# Anyone own the new Vizio VF552XVT?



## flogduh (Nov 4, 2005)

If so, what do you think about this set? Are you finding you're using the Internet Apps? Streaming Netflix working well for you? Do you mind sharing what picture settings you've found most appealing for you?

I just received the set for my 50th birthday along with the motorized tilt wall mount. Thanks Honey, you're the BEST! It replaced my 7 yr old Hatachi Ultravision RP HDTV which was really tired. She picked it up both the TV and mount at Costco.

Set up was a snap, the bluetooth, qwerty keyboard slide remote is really cool and it helps when using the Internet Apps. Built in wireless N adapter found my dual band N Linksys router in a snap, and connected seamlessly after entering in my security passphrase. I connected to my 5 ghz band and found that streaming from Netflix I had zero pixelization or video/audio studdering.

I was able to easily reconfigure my Harmony 700 remote in just a few minutes and didn't even need to fiddle with relay delay settings. 

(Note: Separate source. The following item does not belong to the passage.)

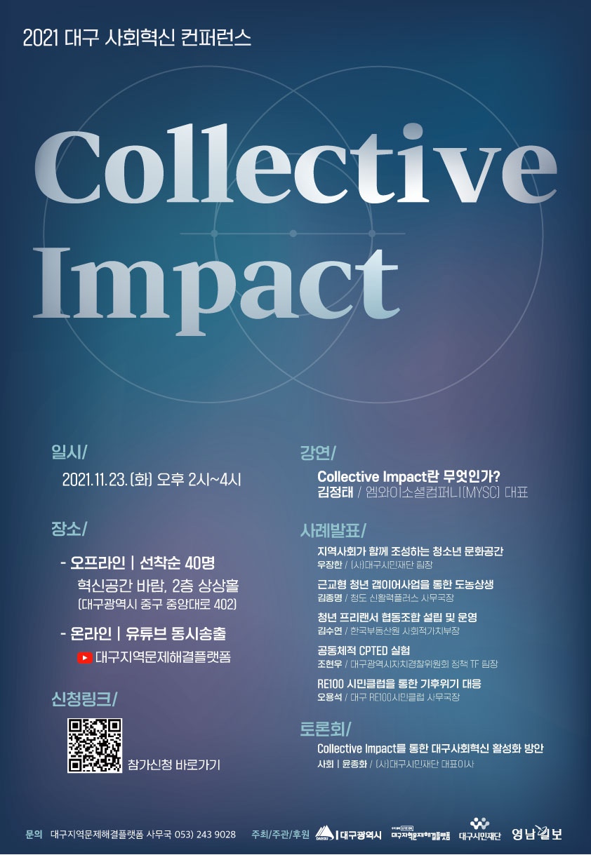 ○ 주최/주관/후원: 대구광역시, 대구지역문제해결플랫폼/ (사)대구시민재단/ 영남일보

At this price point, it's hard to find an equal. The new 480mhz 3D Vizio was just announced and will be priced at the same point this model currently is at, so I expect this model's price to drip to the mid to low $1000s once the 3D model hits the street later this year.


----------



## brinack (Jun 6, 2010)

I just picked up the SV472xvt the little brother to your set. I cant say enough about how great the picture is and the set in general. The internet apps are also very nice and responsive.

Very happy with the set.

I also ordered a "chief" brand wall mount. All I have to say is WOW. What a sweet mount. Excellent build quality and design.


----------



## flogduh (Nov 4, 2005)

Nice buy. That's one set I'm considering for the bedroom..


----------